◆ **THE DATA**
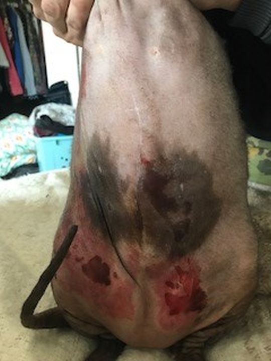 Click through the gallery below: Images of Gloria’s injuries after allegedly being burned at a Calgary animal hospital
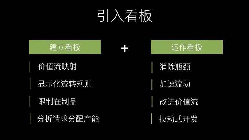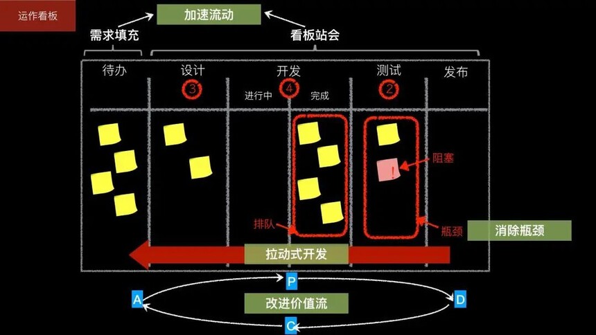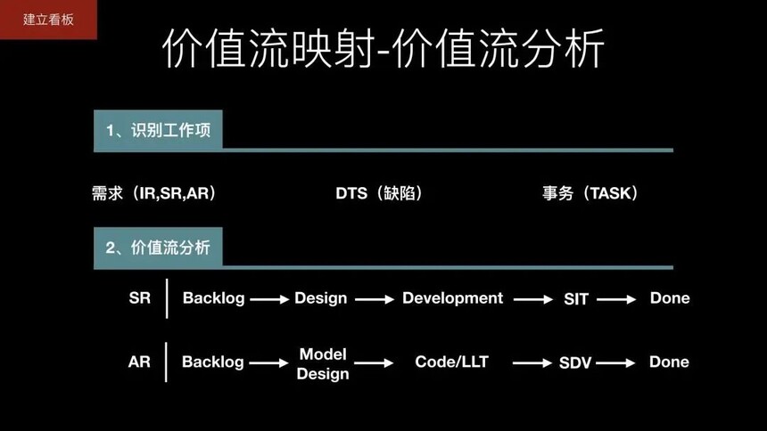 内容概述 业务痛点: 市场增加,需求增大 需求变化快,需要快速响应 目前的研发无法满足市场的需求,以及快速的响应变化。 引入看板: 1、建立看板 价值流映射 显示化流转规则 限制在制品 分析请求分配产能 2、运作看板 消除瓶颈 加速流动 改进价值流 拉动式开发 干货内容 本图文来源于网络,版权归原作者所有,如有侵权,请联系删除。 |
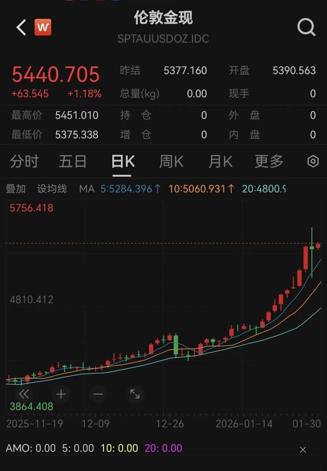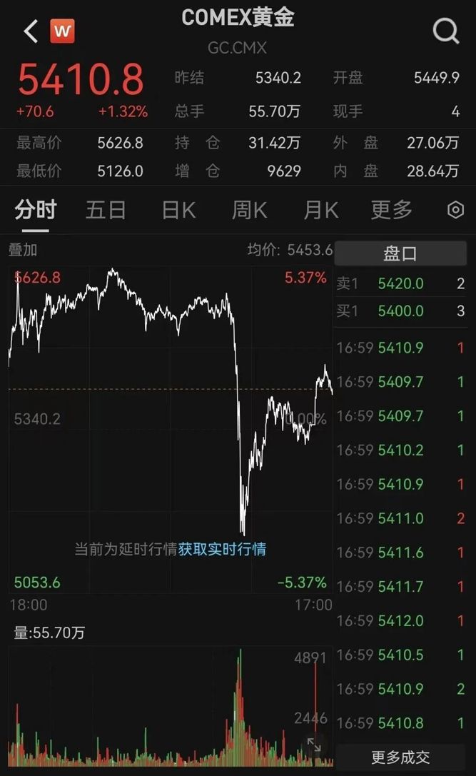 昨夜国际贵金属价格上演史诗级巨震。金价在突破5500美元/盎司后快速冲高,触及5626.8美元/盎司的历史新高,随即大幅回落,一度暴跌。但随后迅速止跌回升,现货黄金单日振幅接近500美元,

◆ **REQUIRED WORK**
Quote the data above in full, leaving out the pictures it holds.

◆ **PROBLEM SOLUTION**
 Click through the gallery below: Images of Gloria’s injuries after allegedly being burned at a Calgary animal hospital
 内容概述 业务痛点: 市场增加,需求增大 需求变化快,需要快速响应 目前的研发无法满足市场的需求,以及快速的响应变化。 引入看板: 1、建立看板 价值流映射 显示化流转规则 限制在制品 分析请求分配产能 2、运作看板 消除瓶颈 加速流动 改进价值流 拉动式开发 干货内容 本图文来源于网络,版权归原作者所有,如有侵权,请联系删除。 |
 昨夜国际贵金属价格上演史诗级巨震。金价在突破5500美元/盎司后快速冲高,触及5626.8美元/盎司的历史新高,随即大幅回落,一度暴跌。但随后迅速止跌回升,现货黄金单日振幅接近500美元,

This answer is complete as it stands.